**To do**
Don't include pictures. Quote the lines below from the first through the line that contains "Boasting linear, geometric".

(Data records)
# # # # #
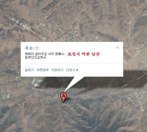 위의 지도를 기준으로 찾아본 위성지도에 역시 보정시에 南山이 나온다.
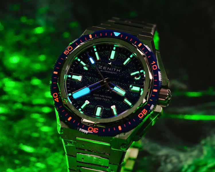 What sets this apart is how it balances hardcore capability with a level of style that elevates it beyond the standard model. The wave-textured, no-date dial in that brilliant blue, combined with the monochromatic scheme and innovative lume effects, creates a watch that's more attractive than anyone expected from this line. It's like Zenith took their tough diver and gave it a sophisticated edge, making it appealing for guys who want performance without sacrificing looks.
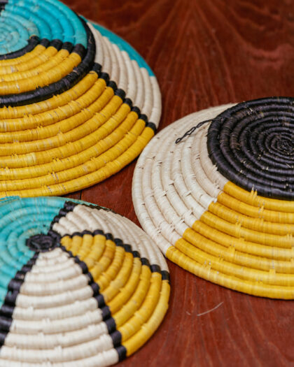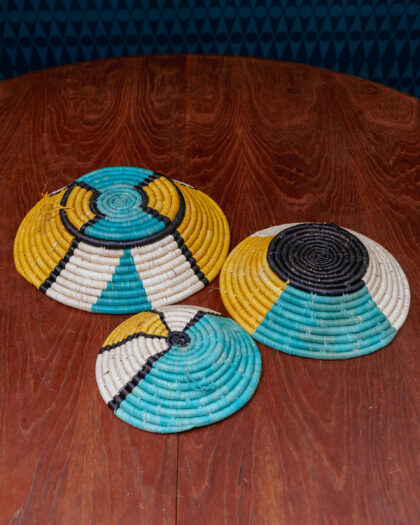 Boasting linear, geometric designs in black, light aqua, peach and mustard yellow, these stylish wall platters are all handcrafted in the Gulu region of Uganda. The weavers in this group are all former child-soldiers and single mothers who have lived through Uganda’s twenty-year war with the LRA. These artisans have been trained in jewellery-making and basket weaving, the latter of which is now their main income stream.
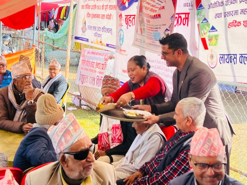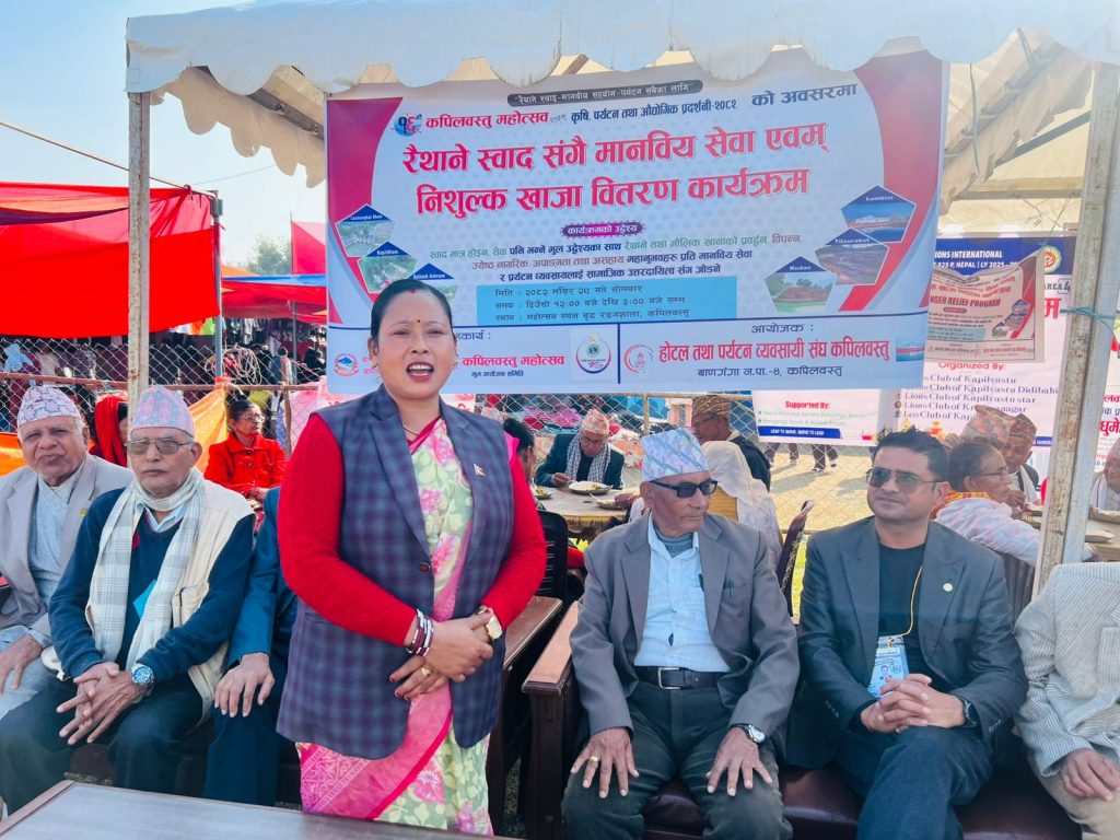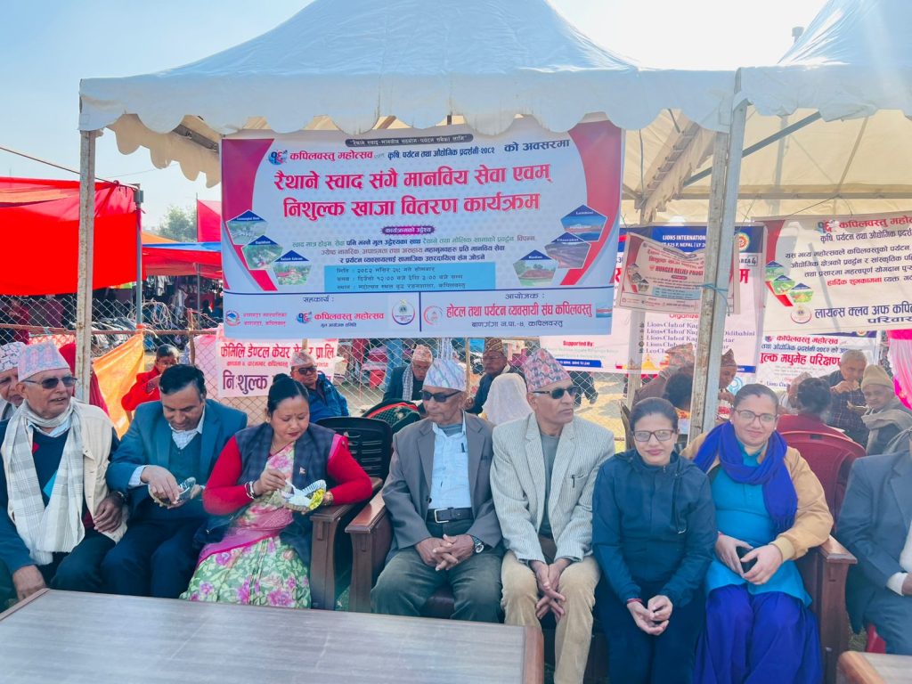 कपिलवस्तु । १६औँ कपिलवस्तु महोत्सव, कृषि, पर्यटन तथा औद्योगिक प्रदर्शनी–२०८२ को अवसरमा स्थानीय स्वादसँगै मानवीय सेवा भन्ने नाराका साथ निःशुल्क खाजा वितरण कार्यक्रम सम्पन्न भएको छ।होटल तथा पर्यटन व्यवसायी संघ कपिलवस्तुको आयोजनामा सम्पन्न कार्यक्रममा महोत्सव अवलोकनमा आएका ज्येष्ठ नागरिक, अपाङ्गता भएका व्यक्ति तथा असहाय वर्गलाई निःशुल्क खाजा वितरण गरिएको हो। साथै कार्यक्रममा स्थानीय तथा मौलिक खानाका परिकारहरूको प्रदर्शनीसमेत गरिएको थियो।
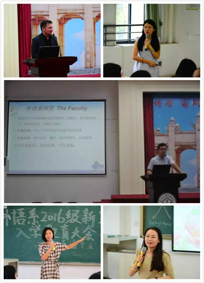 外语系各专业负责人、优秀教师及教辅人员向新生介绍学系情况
# # # # #
**Exercise response**
 위의 지도를 기준으로 찾아본 위성지도에 역시 보정시에 南山이 나온다.
 What sets this apart is how it balances hardcore capability with a level of style that elevates it beyond the standard model. The wave-textured, no-date dial in that brilliant blue, combined with the monochromatic scheme and innovative lume effects, creates a watch that's more attractive than anyone expected from this line. It's like Zenith took their tough diver and gave it a sophisticated edge, making it appealing for guys who want performance without sacrificing looks.
 Boasting linear, geometric designs in black, light aqua, peach and mustard yellow, these stylish wall platters are all handcrafted in the Gulu region of Uganda. The weavers in this group are all former child-soldiers and single mothers who have lived through Uganda’s twenty-year war with the LRA. These artisans have been trained in jewellery-making and basket weaving, the latter of which is now their main income stream.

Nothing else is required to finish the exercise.